In September of 2017, Heather and David received word that her cancer had spread. “We found out it was in her brain and a couple months later, she was on life support with a breathing tube,” David told WFSB. But although it was thought that she wouldn’t make it to October, she kept fighting. “She was tough,” David said. “Anyone else would have given up a long time ago. The doctors even said we don’t know how she’s still here.”

The wedding date had been set for Dec. 30 — but in the middle of December, Heather’s doctors encouraged them to move the date up because they knew Heather was not likely to last until that date. On Dec. 22, Heather’s friends and loved ones helped her into a dress and veil, and in ceremony performed at Heather’s bedside in the chapel of Saint Francis Hospital, she and David said their “I dos.”

18 hours later, Heather passed away — one year to the day that David had proposed.

It was the hardest day of my life,” David told PEOPLE of the ceremony. “Especially the 45 minutes or so of the service itself. As we were approaching the ceremony, it just had this feeling like it was more of a funeral than a wedding because I knew my time with her was coming to an end.” But, as hard as it was, it was worth it: “She was just so happy and triumphant, because she knew that in a way she had beat cancer because she lived longer than anyone thought she was going to,” said David. “She made it to her wedding day, which was her biggest goal. Cancer couldn’t take that away from her.”

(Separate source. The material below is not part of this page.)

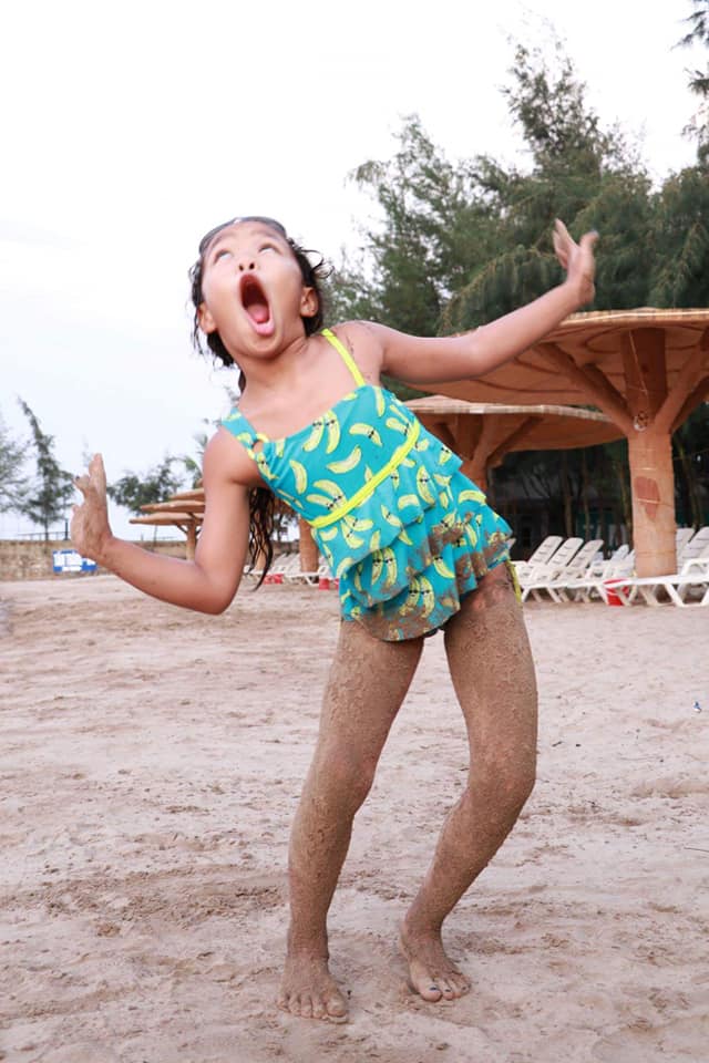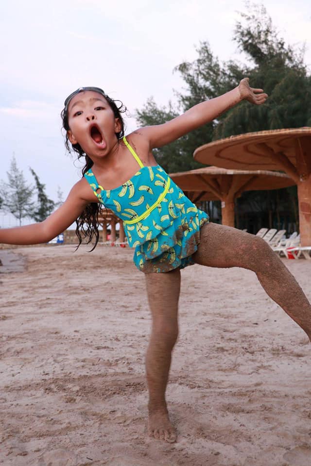 Việt Hương vui vẻ chia sẻ: "Cùng một bãi biển hai vợ chồng chụp hình lãng mạn, trong khi con gái lãng xẹt". Nàng "công chúa nhỏ" siêu nhắng của Việt Hương khiến fan phì cười vì tạo hình bá đạo. Nhiều người còn nhận xét đây đúng là "phiên bản nhí" của Việt Hương và cho rằng cô bé có tố chất hài giống mẹ.

Christina Karas first posted just one photo from the ceremony — the one with Heather raising her arms in triumph with David at her side — to Facebook on Dec. 23. “I've been asked to share this beautiful photo I took,” Karas wrote in the initial Facebook post. “Heather in all her glory next to the man of her dreams. She did it! They did it! What a miracle to witness the love between these two soul mates.” She later posted both this photo and several others to Instagram, at which point they proceeded to go viral.

“It was a miracle,” Karas said to TODAY of the image of Heather with her arms in the air. “When she raised her arms, she was at death's door, but she was joyful and exuberant. She just wanted it to be a celebration.”

That, I’d argue, is exactly why the Moshers’ story and their wedding photos went viral: They tug at our heartstrings, sure — but more than that, they put so much into perspective. No matter how scary the world gets, there is still love in the world, and it is still worth fighting for, even when the circumstances are as bleak as they can possibly be.

Heather’s wake was held on Dec. 29, and her Celebration of Life Service occurred on Dec. 30. Both the wake the service were held at the Plantsville Congregational Church in Plantsville, Conn. — the same church at which David and Heather had originally planned to get married — and the service occurred at the time and date on which they had meant to officially tie the knot. The family has noted that donations in her memory can be made to the Triple Negative Breast Cancer Foundation.

There is much about the world that isn’t fair. But how we cope with that fact? That matters a lot. And that’s what the Moshers’ story teaches us. Consider it a lesson well learned.